What tantalizes us the most is where this may lead. Again, let us look with 20/20 hindsight at what the iTunes store accomplished: the deconstruction of the ‘album’ and the destruction of the model of a ‘record store.’ While we can not completely credit Apple for this – the advent of MP3 and other technology was certainly paving the way for this natural progression – but we feel Steve Jobs and Apple saw what was about to happen and paved a path to dominate a yet-nonexistent marketplace.
So, now, today, we appear to be at the same crossroads – many TV viewers are not watching TV on a TV, but rather, on a portable device, like an iPhone or iPad; and are viewing it as a download, or timeshifted, out of the ‘classical’ context of a TV network or broadcast channel. It seems obvious that the next step is to remove the restrictions – and the advertising dollars – from the hands of content providers and cable operators and reallocate distribution methods for delivering the same content, albeit piecemeal, a la carté, on demand. This model has already proven successful for providers like Comcast – allowing for extensive viewing of content at the demand of consumers.
What does this likely mean for consumers? More choices, more availability. What services like Comcast currently provide is limited, but with a more expansive library (like Netflix) of syndicated content, there really would be no need for a cable subscription – you’d just need an Apple TV device. Oh, and an internet connection, via your former cable operator.
So this brings us back to the beginning: Apple clearly sees the need to square up an arrangement with providers like Comcast – not just for content, who will provide what and for how much do we get per advertising dollar – but for delivery routes.

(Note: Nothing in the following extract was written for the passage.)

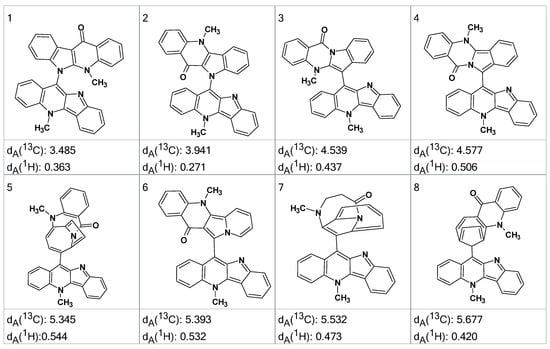 Structure generation resulted in: k =32→(filtering)→13 (k -number of structures generated) and the generation time, tg is 10 s. NMR spectra prediction positioned the cryptolepicarboline molecule first in the ranked file, where dA(2) − dA(1) = 3.3 ppm.

Here’s a thought: recent discussion pointed to Apple readying full-screen advertising for devices like the iPhone to complement or replace the current bottom of the screen banner ads we currently view in free or cheap apps. Doesn’t this make more sense to test and roll out this platform as a vehicle for targeted advertising for when we are watching video content on our Apple TV or iPads? Does this mean what we really should be looking for is the advertising platform behind all of this (like Google’s AdSense)?
Last thought: Would Apple look to acquire/license the trademark “iTV” from the British network to cover all of this?